Segment Start: DATASET RECORDS

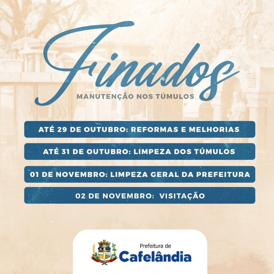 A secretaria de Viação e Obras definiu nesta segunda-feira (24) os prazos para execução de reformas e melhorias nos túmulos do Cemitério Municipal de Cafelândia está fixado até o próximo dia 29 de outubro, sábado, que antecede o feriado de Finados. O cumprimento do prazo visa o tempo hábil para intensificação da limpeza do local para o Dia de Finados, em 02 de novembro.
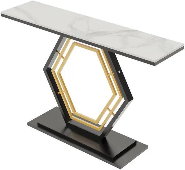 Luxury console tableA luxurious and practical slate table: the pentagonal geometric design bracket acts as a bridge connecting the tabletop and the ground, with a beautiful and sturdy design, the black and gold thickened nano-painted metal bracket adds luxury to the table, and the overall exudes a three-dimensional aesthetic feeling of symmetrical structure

Segment End: DATASET RECORDS
Segment Start: DATASET RECORDS

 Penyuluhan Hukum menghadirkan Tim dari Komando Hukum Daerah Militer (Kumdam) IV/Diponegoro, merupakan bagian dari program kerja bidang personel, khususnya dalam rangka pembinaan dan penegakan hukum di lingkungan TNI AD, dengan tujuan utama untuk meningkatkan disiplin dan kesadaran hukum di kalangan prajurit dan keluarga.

Segment End: DATASET RECORDS
Segment Start: DATASET RECORDS

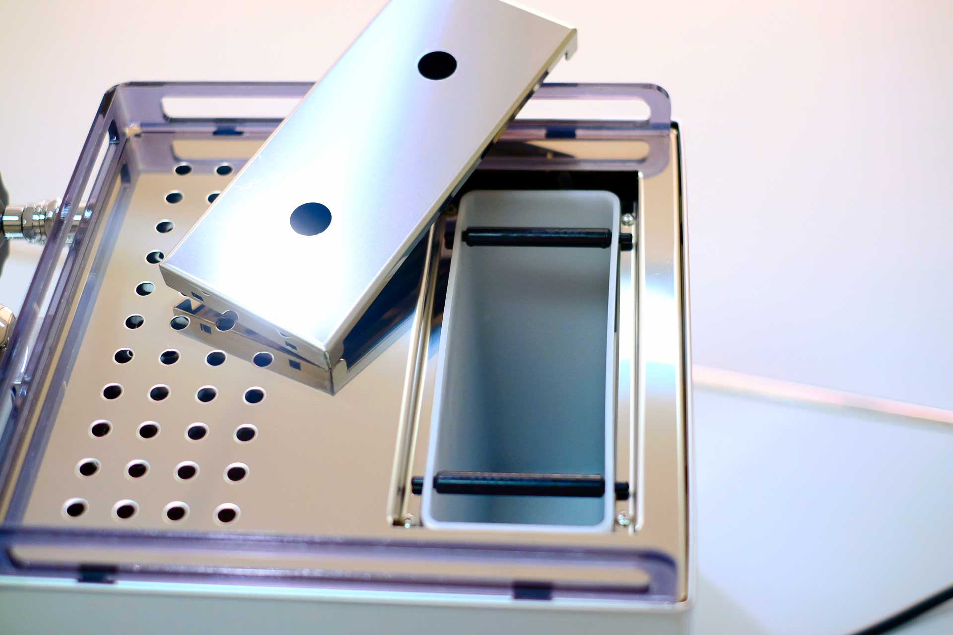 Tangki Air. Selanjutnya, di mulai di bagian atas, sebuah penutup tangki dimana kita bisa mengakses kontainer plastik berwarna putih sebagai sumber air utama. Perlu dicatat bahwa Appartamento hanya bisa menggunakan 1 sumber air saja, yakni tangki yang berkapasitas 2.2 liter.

Segment End: DATASET RECORDS

■ EXERCISE OBJECTIVE: In the material above, which lines fall between the one holding "A secretaria de" and the one holding "Luxury console tableA", inclusive? Print exactly those, with the pictures left out.

■ SOLUTION FOR THIS EXERCISE:
 A secretaria de Viação e Obras definiu nesta segunda-feira (24) os prazos para execução de reformas e melhorias nos túmulos do Cemitério Municipal de Cafelândia está fixado até o próximo dia 29 de outubro, sábado, que antecede o feriado de Finados. O cumprimento do prazo visa o tempo hábil para intensificação da limpeza do local para o Dia de Finados, em 02 de novembro.
 Luxury console tableA luxurious and practical slate table: the pentagonal geometric design bracket acts as a bridge connecting the tabletop and the ground, with a beautiful and sturdy design, the black and gold thickened nano-painted metal bracket adds luxury to the table, and the overall exudes a three-dimensional aesthetic feeling of symmetrical structure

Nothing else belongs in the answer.